5 of 206 comments (clear)

  1. Re:lol, Rand sucking up to the dorks by Grishnakh · · Score: 5, Insightful

    You're a fucking moron. How does "access without authorization" warrant a 35 year sentence? Rapists and murderers get less than that. That's the whole problem here. Fuck you.

  2. Re:narcissistic spectrum personality disorder by Fire_Wraith · · Score: 5, Insightful

    When Plea Bargains constitute something like over 90% of all sentences imposed, you know something is grossly wrong. Plea Bargaining is being used as an end run around having to grant people their Seventh Amendment rights. Sure, you can demand a trial, but if you do, we're going to throw every possible charge at you in a grossly disproportionate manner, in a trial you're probably not likely to win, especially if you're poor. Aaron actually had good legal representation, but the vast majority of criminal defendants don't.

  3. Re:lol, Rand sucking up to the dorks by rmdingler · · Score: 5, Insightful
    Yes. Intent is an essential consideration when sentencing, but not so much to the guilt or innocent phase of the trial.

    Since it occurred at MIT, the bastion of clever hacking, it's fairly likely Aaron never imagined his hacktivities would be treated criminally, let alone get to a zealous prosecutor. IIRC, the most egregious prior transgressions were charged with trespassing and little else.
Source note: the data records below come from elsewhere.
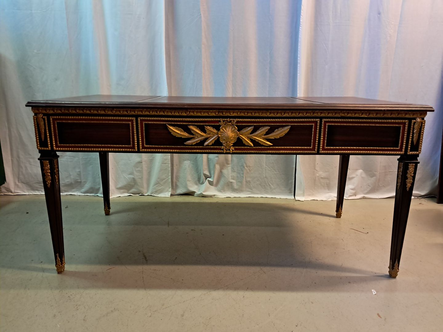 Skrivebord i fineret mahogni, fra 1990erne. Det har brugsspor. Højde 73cm Bredde 153cm Dybde 76cm Højde fra gulv til underkant 62cm Emne nummer: 77538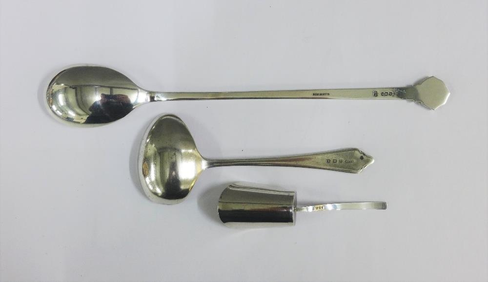 Sheffield silver spoon, Birmingham silver spoon and London silver sugar shovel (3)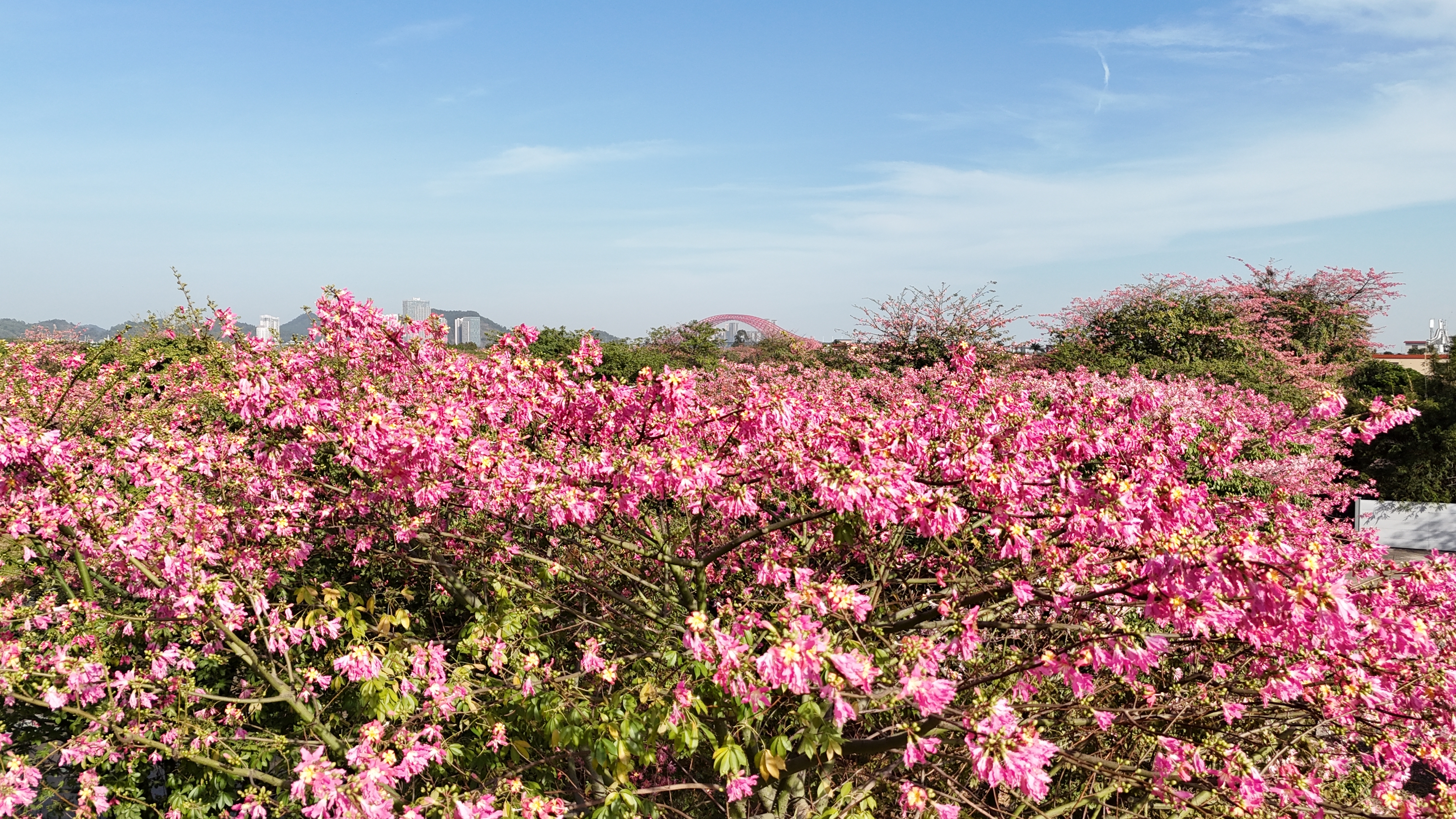 冬日暖阳下,5800株异木棉在珠江畔热烈绽放,粉色的花云与横跨江面的明珠湾大桥相映成趣,为广州南沙披上了一袭浪漫的粉色盛装。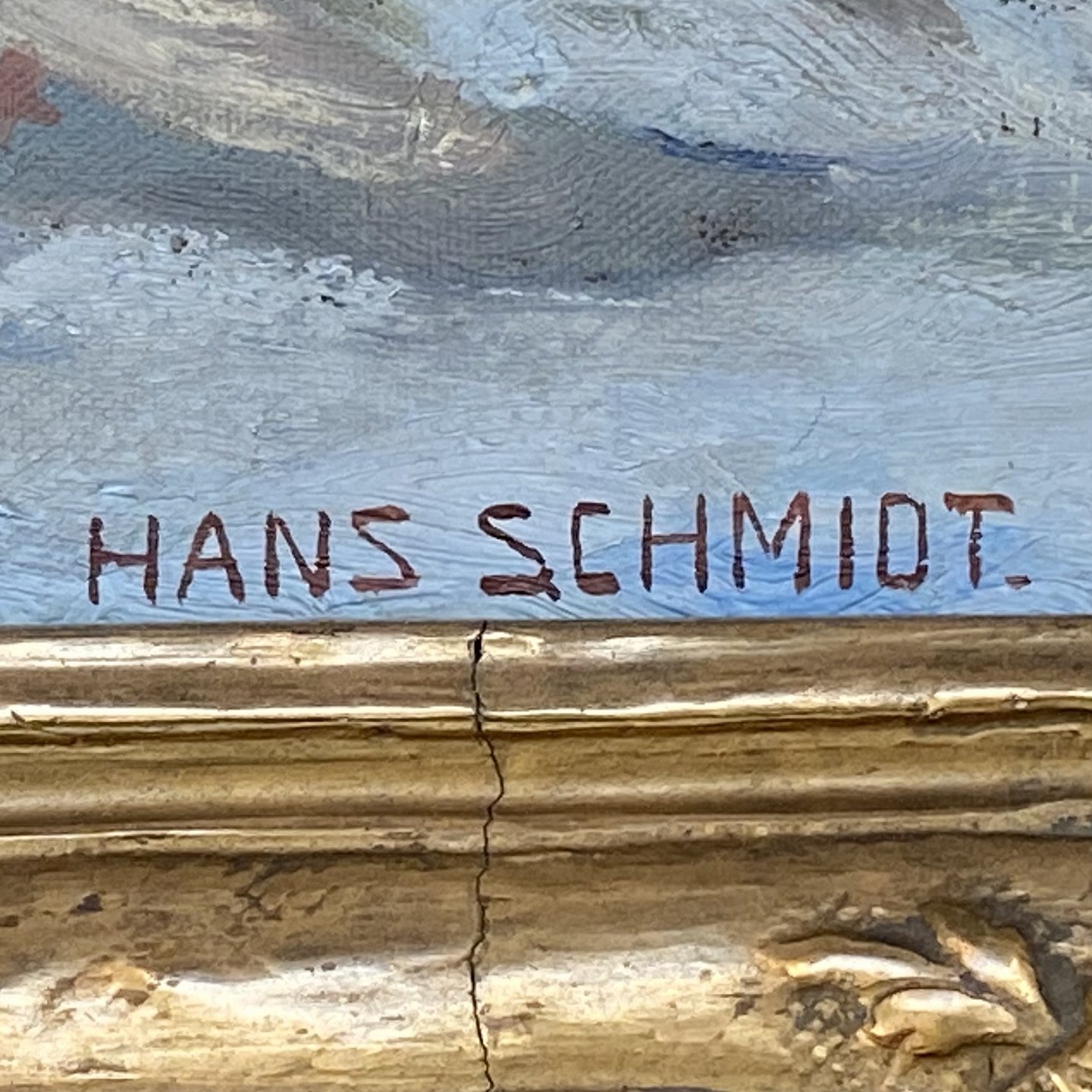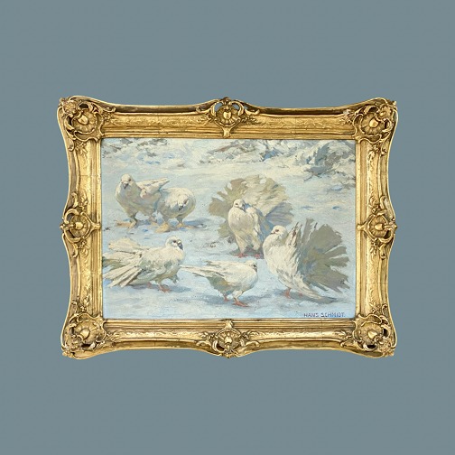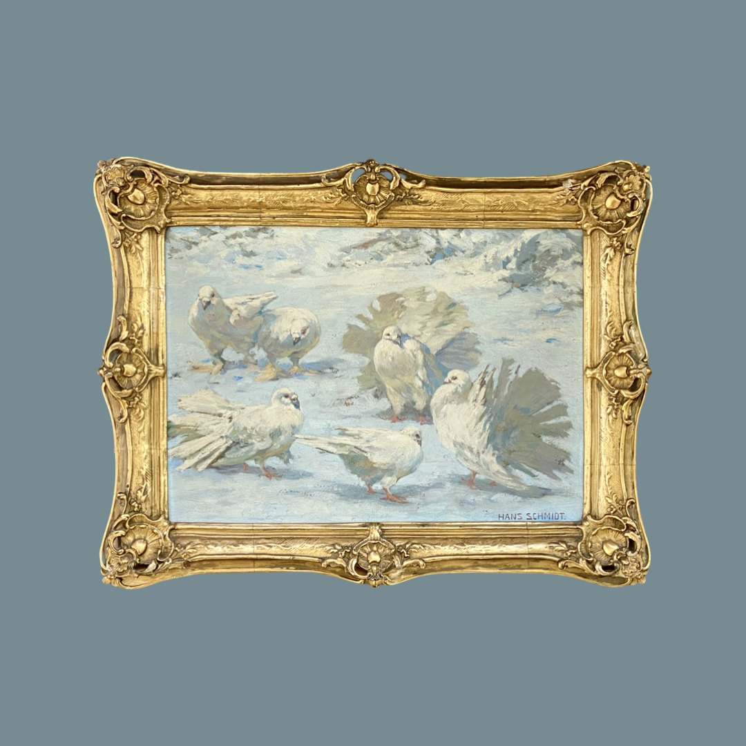 Hans Schmidt (1839-1917). Oil on canvas in gold frame. Motif with pigeons. The back with the designation of pigeons “German Rumblers”. Dimensions: 34 x 44 cm. (23.5 x 33.5 cm).

    Sure. He was ill equipped to handle the fallout of being made an example of. It probably never happened to him before. To be fair though, his response was as big an overreaction as that of the prosecutor.

    --
    Happiness in intelligent people is the rarest thing I know.

    Ernest Hemingway

  4. Re:lol, Rand sucking up to the dorks by Dragon+Bait · · Score: 5, Insightful

    If he wouldn't have received 35 years, then why the hell were they threatening it? This stuff affects people, guilty or innocent. They should be required to determine a reasonable set of charges and stick with it - they're the experts, and having them act as henchmen is demeaning to the process of justice.

    Unfortunately, that's not how the current system works. The current system is designed to avoid expensive, nasty trials where someone might actually have to work to put someone behind bars. The current system has the D.A. pile on as many charges as she can remotely sound plausible to scare the defendant into plea bargaining regardless of their guilt or innocence.
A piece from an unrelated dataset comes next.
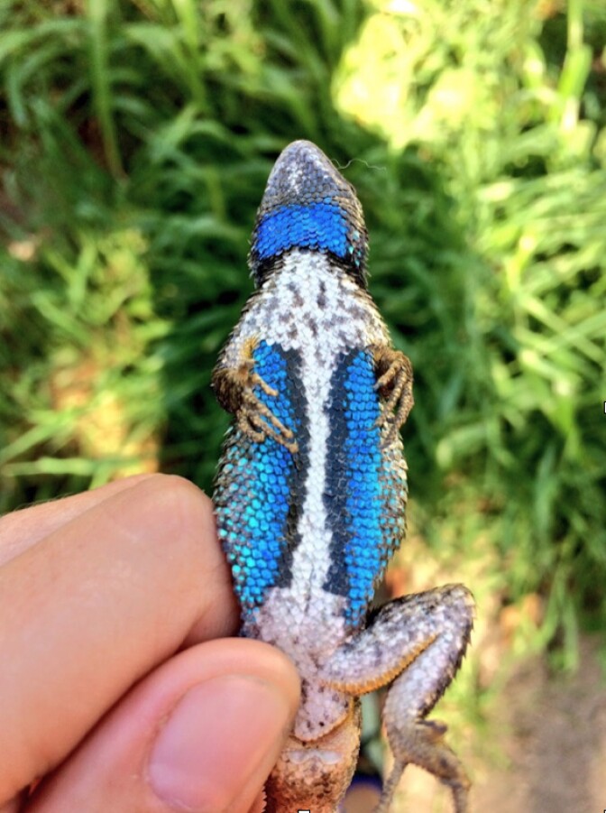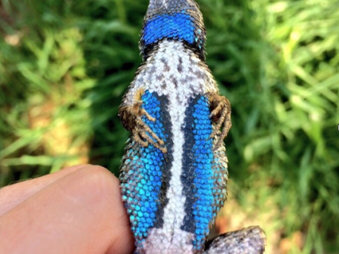 Male lizards of this species have bright blue markings on the throat and abdomen - and Putman hypothesized she could more easily catch them if she wore a similar color.

    Someone I know recently had this happen. 95 different charges were made with effectively "You'll never see the light of day again" thrown at him. His fist (incompetent) lawyer said "you better take the deal for 5 years." His second (competent) lawyer got a plea down to a misdemeanor, time served, and parole.

    It's probably good to remember we don't have a justice system, but a legal system. Justice has next to nothing to do with it except by unexpected coincidence.

  5. Re:narcissistic spectrum personality disorder by Lloyd_Bryant · · Score: 5, Insightful

    If one is that concerned about having a criminal record one should refrain from committing crimes. All he had to do was write a short post on his blog to call attention to whatever issue it was that was bothering him. Instead he broke into a server room, installed a computer, and illegally downloaded thousands of documents. I think 6 months and a criminal record is about right for that sort of thing.

    Give me a break. There was no "locked server room" - he entered an unlocked wiring closet. The computer he "installed" was a laptop he set on a shelf (near the property of a homeless man, who was using that wiring closet to store things). He then downloaded documents that it was perfectly legal for him to download - he just automated the process so that he was downloading them a heck of a lot faster than the JSTOR people were expecting.

    So at most he was actually guilty of misdemeanor breaking and entering (and I'd be willing to argue that one, since the closet wasn't actually secured in any way), and maybe some civil copyright infringement if he posted the JSTOR documents for others.

    6 months and a felony conviction was *way* too much for his actual offenses.

    --
    Don't tell me to get a life. I had one once. It sucked.